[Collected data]

········

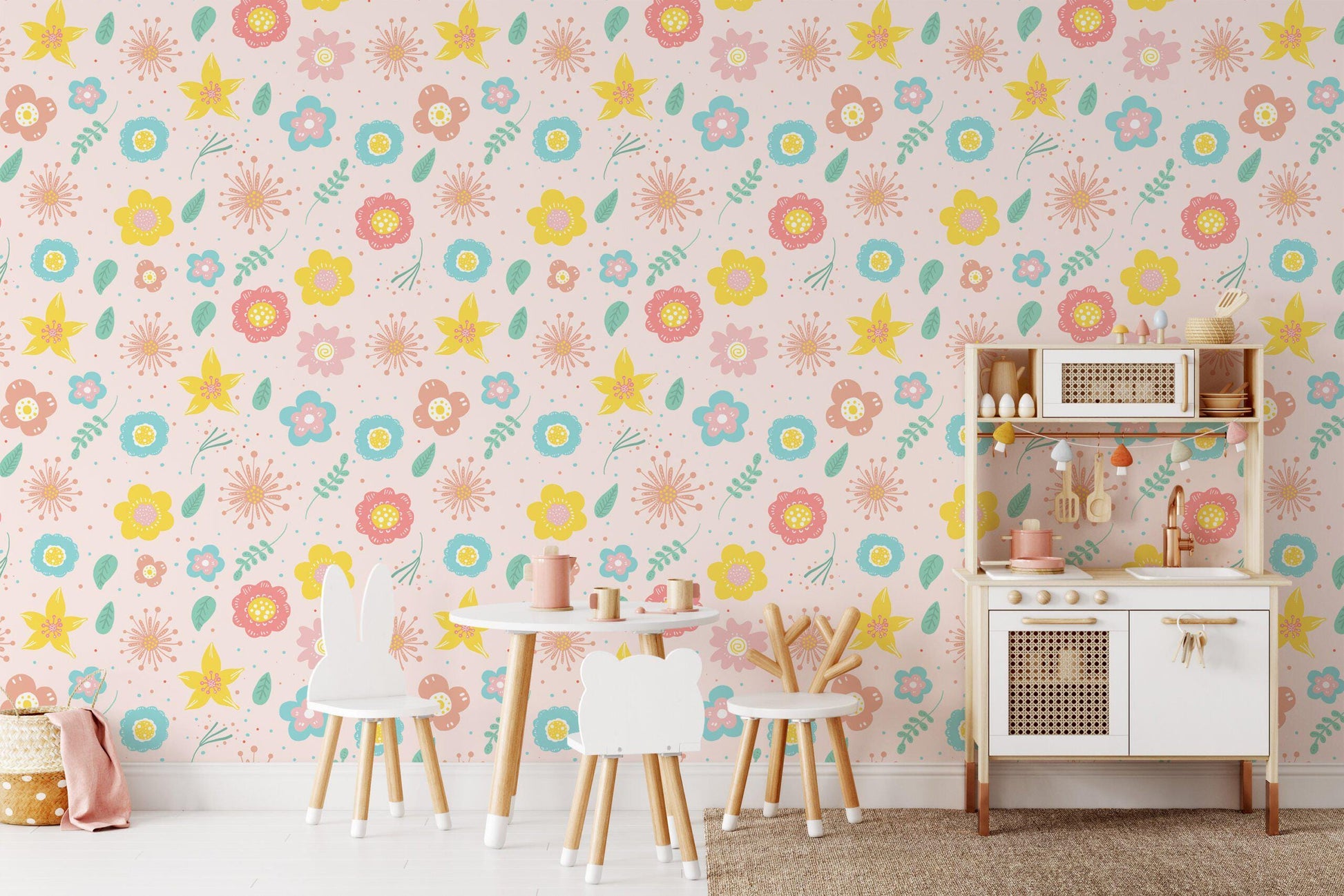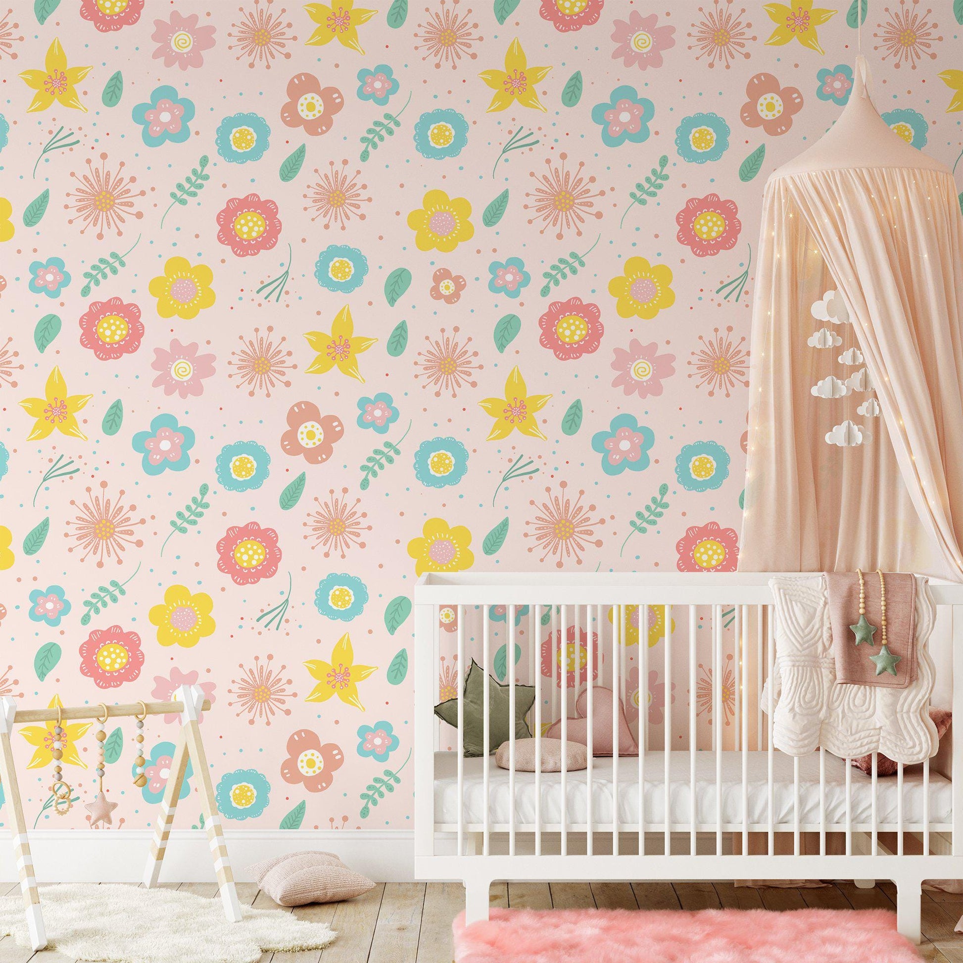 Abstract Colorful Flowers Baby Girl Wallpaper, Floral Kidsroom Wall Poster, Mini Flowers Wallpaper,Illustration Watercolor Wallpaper Nursery
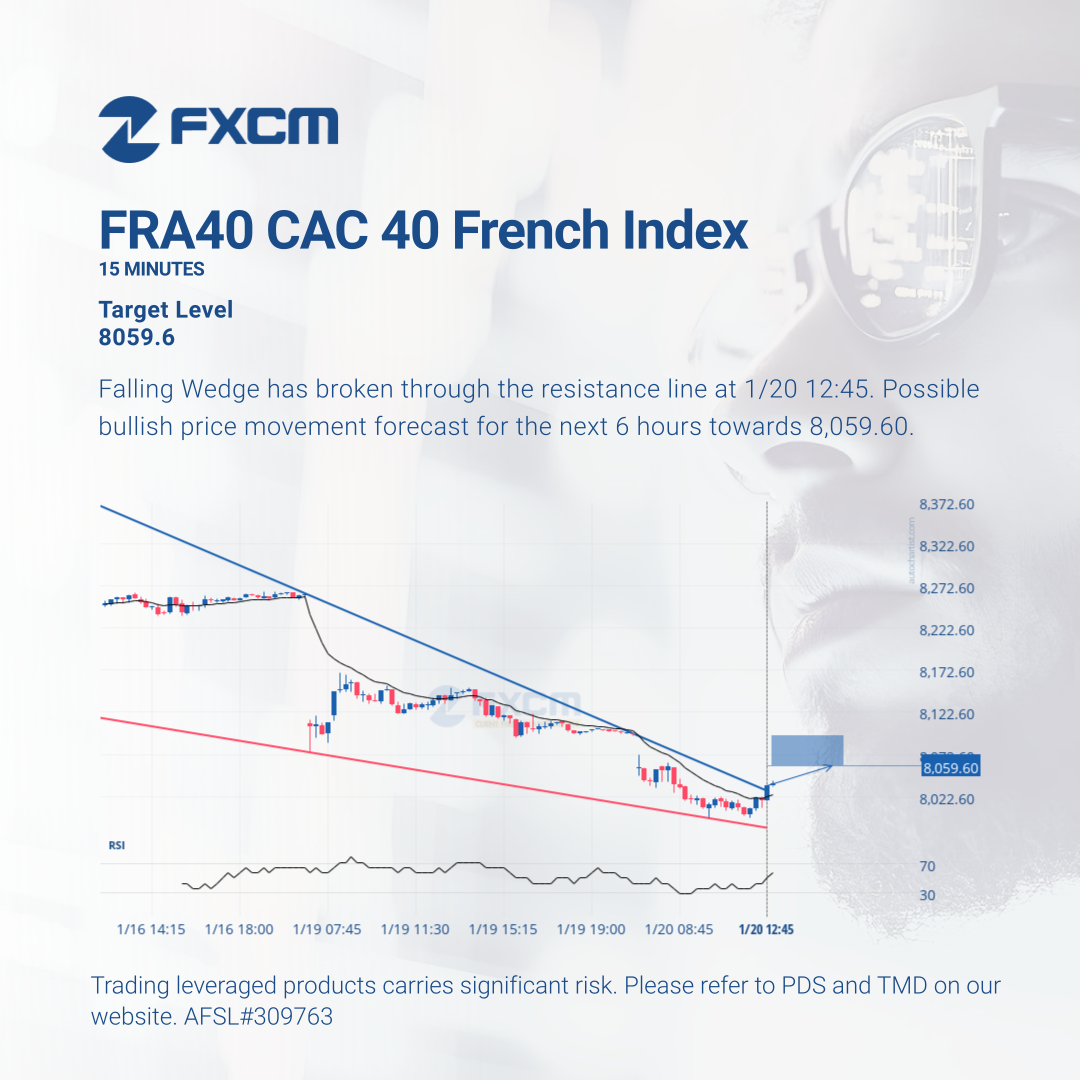 Falling Wedge has broken through the resistance line at 1/20 12:45. Possible bullish price movement forecast for the next 6 hours towards 8,059.60.
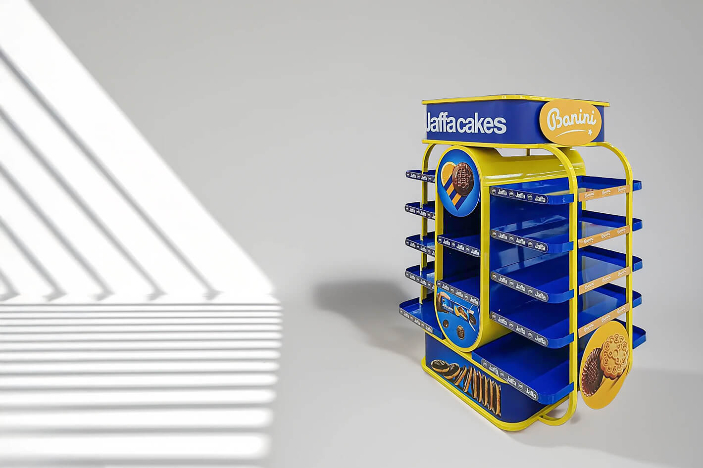 Stabil, leicht zu versetzen und visuell ansprechend – entwickelt, um Aufmerksamkeit zu erzeugen, Impulskäufe zu fördern und die Markenpräsenz im Verkaufsraum zu stärken.
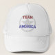 Uma estrela de prata dentro de um anel de prata e as palavras "Team América" em vermelho e no azul feitos em um olhar afligido desvanecido.
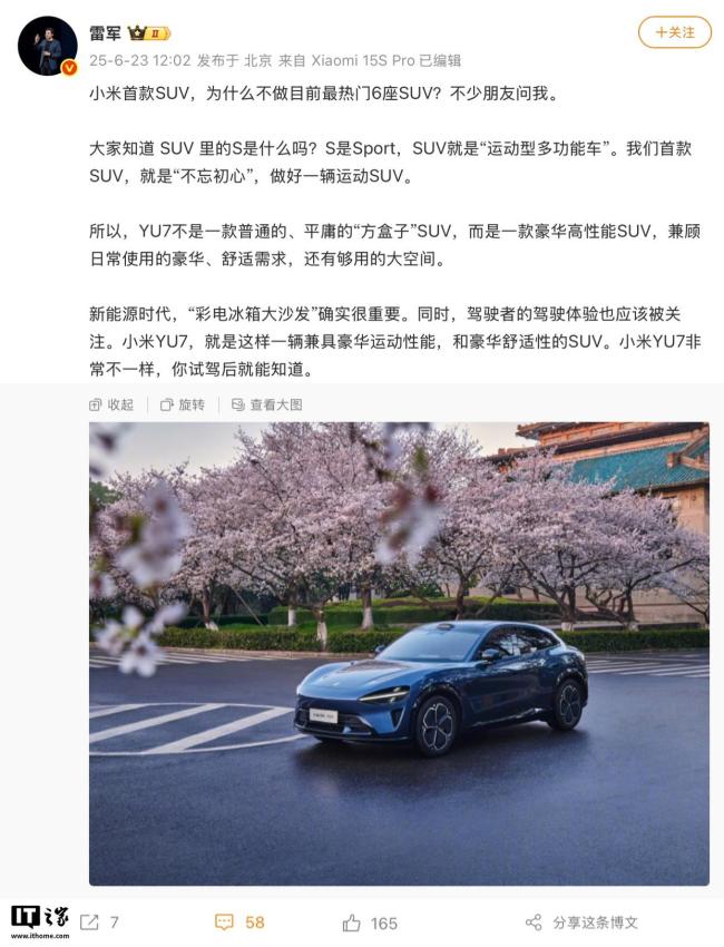 雷军强调,YU7并非一款普通的SUV,而是一款豪华高性能车型,旨在满足用户对豪华与舒适的日常需求,同时保证足够的内部空间。在新能源汽车时代,虽然车内配置如彩电、冰箱、大沙发变得越来越重要,但驾驶体验同样不可忽视。YU7不仅具备豪华运动性能,还兼顾了豪华舒适性,试驾后可以感受到其独特之处。
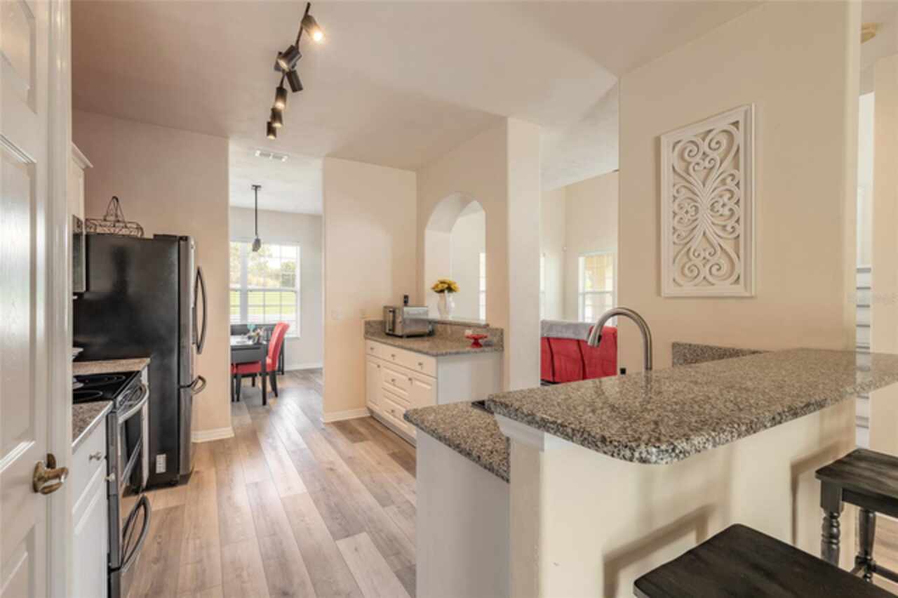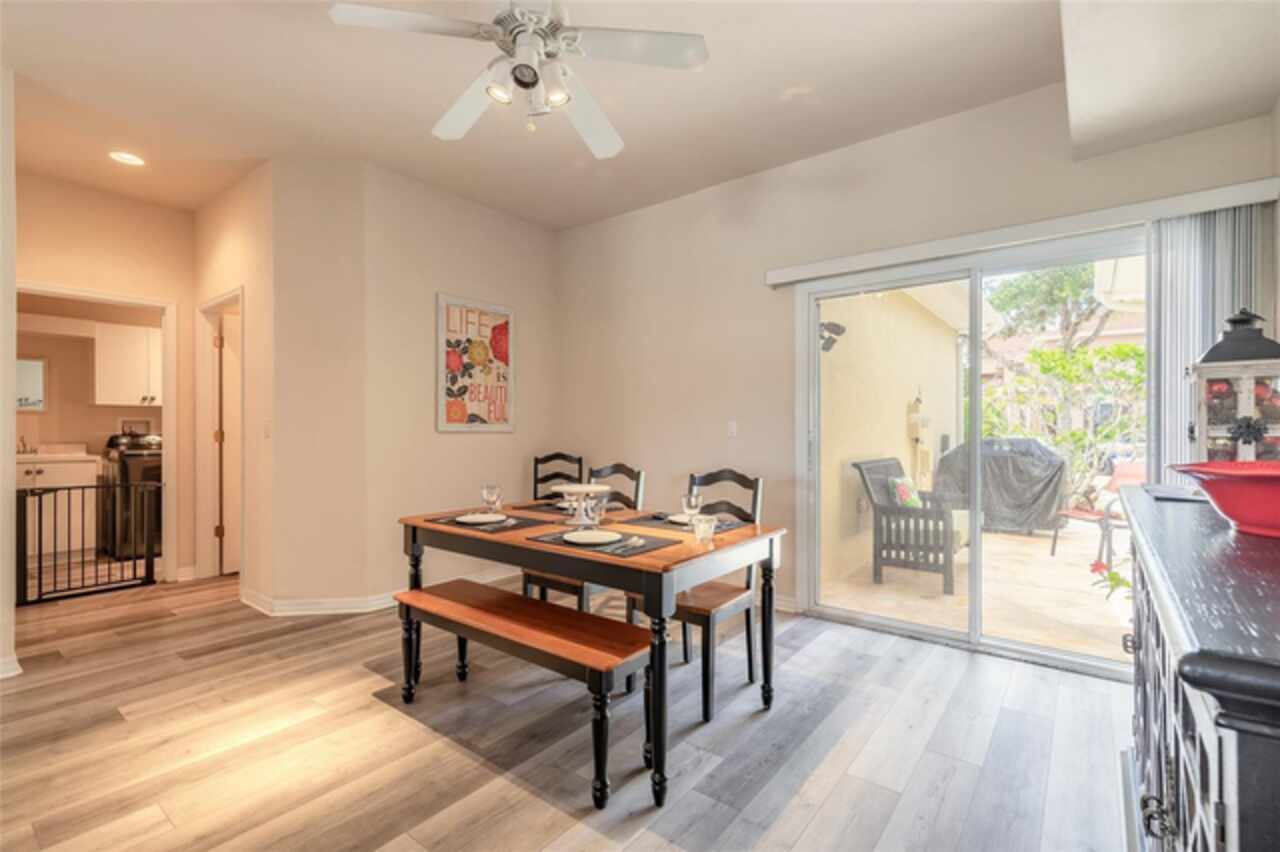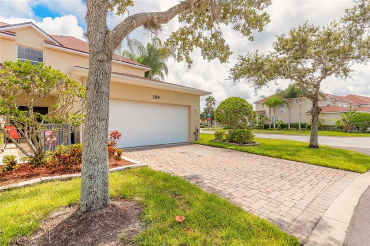 Welcome to your new home in Venetian Bay, one of the area's most sought-after master-planned communities! From the moment you step inside, you'll be greeted by soaring ceilings, upgraded luxury vinyl flooring, and a bright, open layout that feels light, airy, and inviting. The spacious living room opens seamlessly into the heart of the home, a kitchen designed to impress. Here you'll find sleek granite counters paired with crisp white cabinetry, two bar islands, a large black composite farm-style sink, and stainless steel Samsung appliances. With plenty of cabinets for storage, a formal dining area, and sliding glass doors that lead to the back patio, this kitchen and dining setup is truly perfect for gathering and entertaining. A convenient flex space downstairs offers the ideal spot for an office or reading nook, while a half bathroom and inside laundry room with cabinetry and a utility sink add practical touches. Upstairs, both bedrooms feature their own private bathrooms for comfort and privacy. The main bedroom is highlighted by elegant double doors and an upstairs nook that's perfectly sized for a desk or sitting area. Outside, the home continues to impress with a paver driveway, spacious two-car garage with additional rear parking, and low-maintenance living at its best. HOA dues cover lawn care, exterior maintenance, roof, and even pressure washing, giving you more time to enjoy the lifestyle Venetian Bay is known for. Stroll through neighborhood parks, relax at the community pool, or take advantage of optional upgrades like the fitness center, clubhouse bar, and award-winning golf course, all just minutes from your door. This townhome blends modern comfort with effortless living and resort-style amenities, making it the perfect place to call home. All information deemed accurate but cannot be guaranteed. New Roof, HVAC 5 years old, hot water heater 2025.

········

WORK TASK: Above are some records; quote exactly and only the lines that begin at the line containing "Stabil, leicht zu" and stop after the line containing "雷军强调,YU7并非一款普通", leaving out the pictures.

RESPONSE TO THE EXERCISE:
 Stabil, leicht zu versetzen und visuell ansprechend – entwickelt, um Aufmerksamkeit zu erzeugen, Impulskäufe zu fördern und die Markenpräsenz im Verkaufsraum zu stärken.
 Uma estrela de prata dentro de um anel de prata e as palavras "Team América" em vermelho e no azul feitos em um olhar afligido desvanecido.
 雷军强调,YU7并非一款普通的SUV,而是一款豪华高性能车型,旨在满足用户对豪华与舒适的日常需求,同时保证足够的内部空间。在新能源汽车时代,虽然车内配置如彩电、冰箱、大沙发变得越来越重要,但驾驶体验同样不可忽视。YU7不仅具备豪华运动性能,还兼顾了豪华舒适性,试驾后可以感受到其独特之处。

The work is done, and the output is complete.